## WORK ORDER
Nothing but the lines below, from the first through the line containing "bois & accessoires utiles", should be set down, each one exactly and without pictures.
_ _ _ _
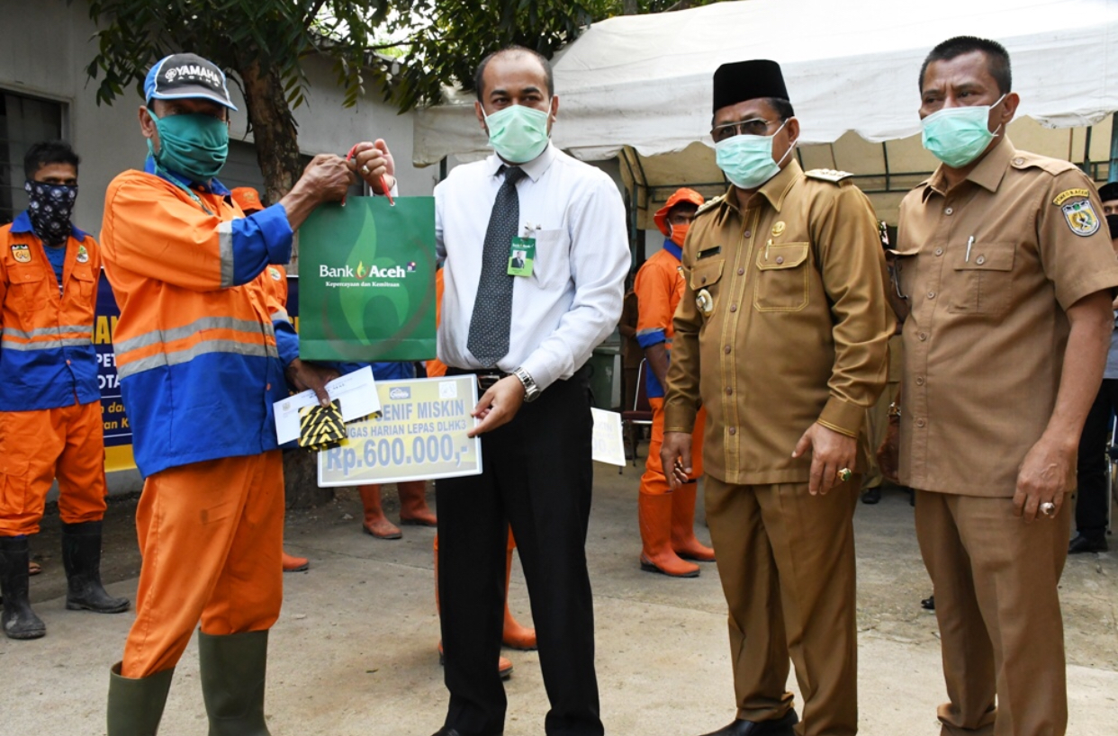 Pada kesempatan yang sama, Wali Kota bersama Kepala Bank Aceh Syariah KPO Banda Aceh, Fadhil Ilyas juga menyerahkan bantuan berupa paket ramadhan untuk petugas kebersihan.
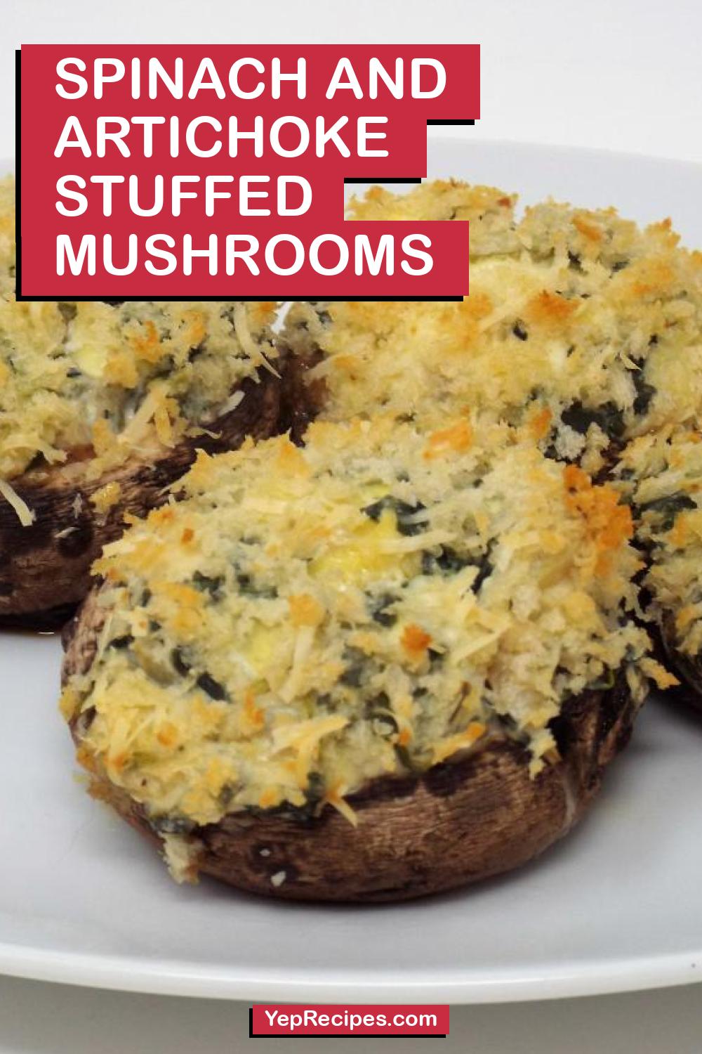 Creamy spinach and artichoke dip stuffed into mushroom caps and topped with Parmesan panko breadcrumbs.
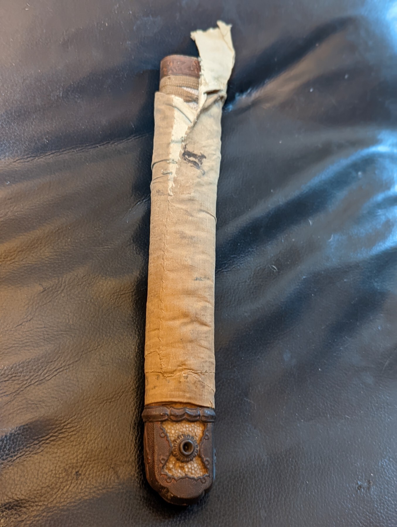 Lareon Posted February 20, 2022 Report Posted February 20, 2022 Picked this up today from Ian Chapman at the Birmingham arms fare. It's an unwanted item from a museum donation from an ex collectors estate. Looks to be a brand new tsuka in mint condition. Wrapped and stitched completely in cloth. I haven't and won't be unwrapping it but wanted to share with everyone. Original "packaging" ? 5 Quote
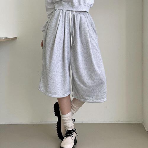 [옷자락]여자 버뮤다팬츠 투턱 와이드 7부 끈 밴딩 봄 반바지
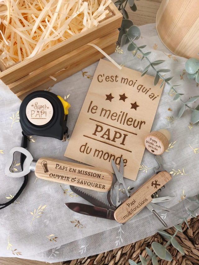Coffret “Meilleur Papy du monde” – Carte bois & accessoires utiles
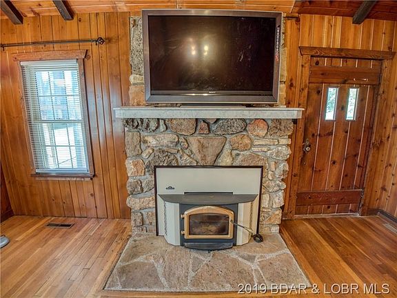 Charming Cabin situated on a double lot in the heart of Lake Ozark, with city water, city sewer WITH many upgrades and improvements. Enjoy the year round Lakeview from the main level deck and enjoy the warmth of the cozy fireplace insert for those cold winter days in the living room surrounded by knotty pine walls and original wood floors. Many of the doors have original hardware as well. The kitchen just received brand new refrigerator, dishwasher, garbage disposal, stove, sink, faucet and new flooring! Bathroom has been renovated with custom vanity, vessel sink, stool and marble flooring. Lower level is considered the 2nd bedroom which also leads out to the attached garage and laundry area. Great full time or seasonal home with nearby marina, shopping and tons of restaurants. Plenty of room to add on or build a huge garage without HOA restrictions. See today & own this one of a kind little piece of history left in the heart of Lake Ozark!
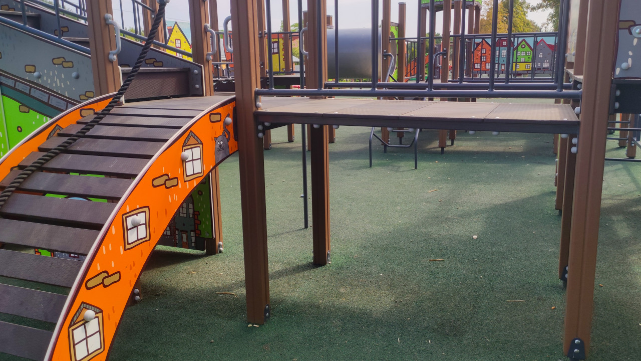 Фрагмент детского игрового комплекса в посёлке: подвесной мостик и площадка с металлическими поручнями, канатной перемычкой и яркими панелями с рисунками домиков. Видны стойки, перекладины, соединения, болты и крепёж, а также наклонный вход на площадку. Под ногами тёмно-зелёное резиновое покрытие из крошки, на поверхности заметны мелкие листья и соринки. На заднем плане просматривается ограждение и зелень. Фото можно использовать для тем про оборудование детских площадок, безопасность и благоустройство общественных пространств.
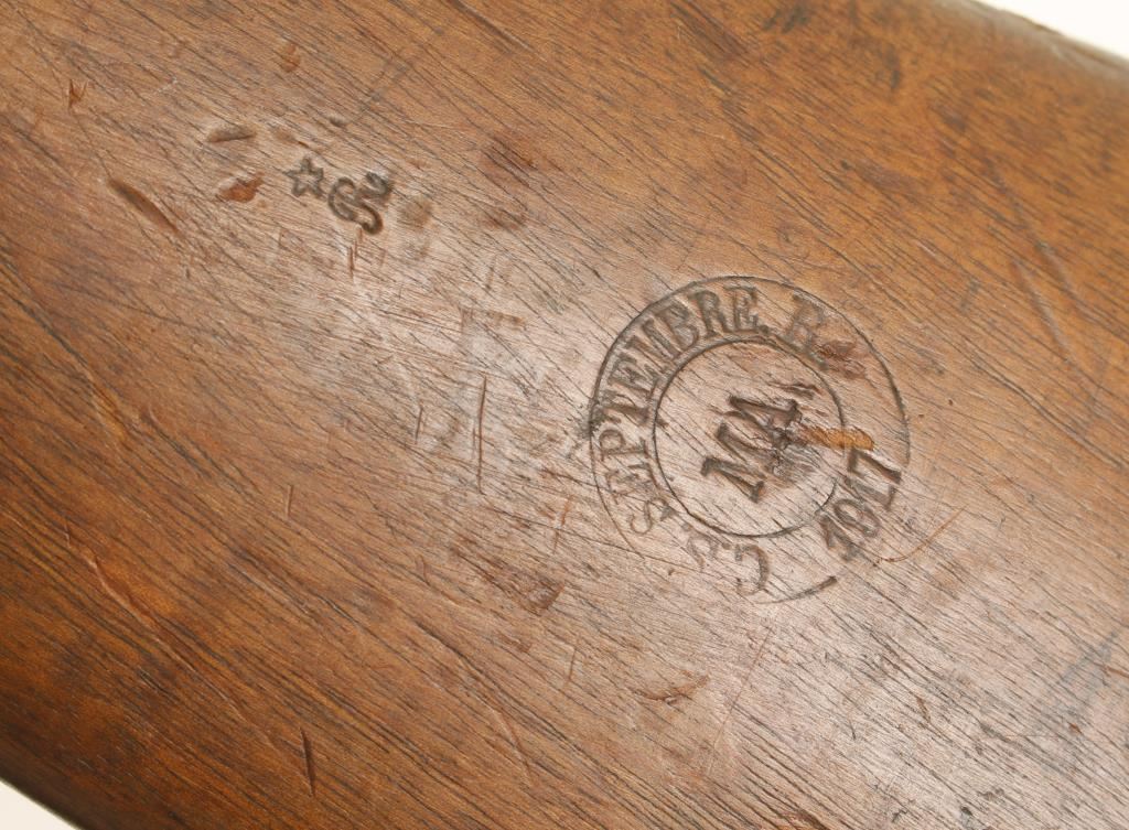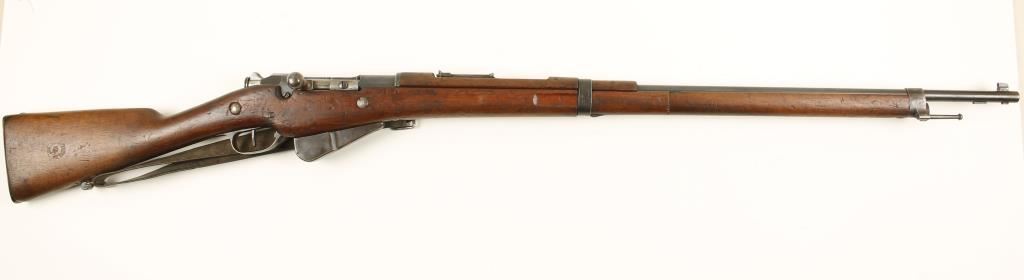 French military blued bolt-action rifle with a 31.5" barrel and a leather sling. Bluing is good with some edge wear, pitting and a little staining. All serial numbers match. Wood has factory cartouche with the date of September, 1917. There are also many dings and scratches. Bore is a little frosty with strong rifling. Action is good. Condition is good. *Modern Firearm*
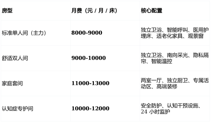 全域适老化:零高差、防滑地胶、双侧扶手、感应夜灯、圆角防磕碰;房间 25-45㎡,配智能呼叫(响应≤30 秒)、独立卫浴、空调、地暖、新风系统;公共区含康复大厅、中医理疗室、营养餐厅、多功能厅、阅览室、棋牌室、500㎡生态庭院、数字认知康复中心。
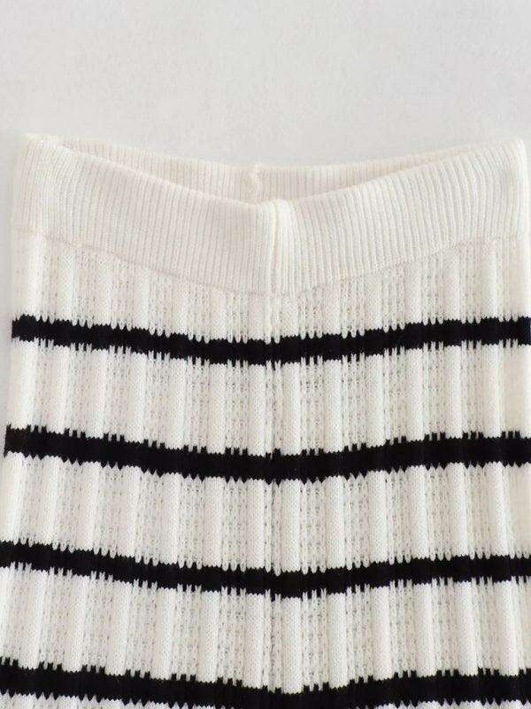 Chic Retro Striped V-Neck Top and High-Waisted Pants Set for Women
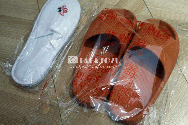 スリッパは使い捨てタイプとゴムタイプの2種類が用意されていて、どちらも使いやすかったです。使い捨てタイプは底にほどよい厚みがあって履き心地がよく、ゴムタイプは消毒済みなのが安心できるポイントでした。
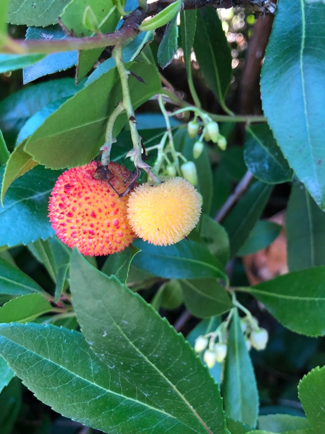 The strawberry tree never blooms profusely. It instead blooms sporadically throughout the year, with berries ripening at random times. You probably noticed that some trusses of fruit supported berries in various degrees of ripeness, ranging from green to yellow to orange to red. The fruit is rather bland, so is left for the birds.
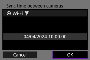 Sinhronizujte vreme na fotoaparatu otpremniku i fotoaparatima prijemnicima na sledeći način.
_ _ _ _
## WORKED SOLUTION
 Pada kesempatan yang sama, Wali Kota bersama Kepala Bank Aceh Syariah KPO Banda Aceh, Fadhil Ilyas juga menyerahkan bantuan berupa paket ramadhan untuk petugas kebersihan.
 Creamy spinach and artichoke dip stuffed into mushroom caps and topped with Parmesan panko breadcrumbs.
 Lareon Posted February 20, 2022 Report Posted February 20, 2022 Picked this up today from Ian Chapman at the Birmingham arms fare. It's an unwanted item from a museum donation from an ex collectors estate. Looks to be a brand new tsuka in mint condition. Wrapped and stitched completely in cloth. I haven't and won't be unwrapping it but wanted to share with everyone. Original "packaging" ? 5 Quote
 [옷자락]여자 버뮤다팬츠 투턱 와이드 7부 끈 밴딩 봄 반바지
Coffret “Meilleur Papy du monde” – Carte bois & accessoires utiles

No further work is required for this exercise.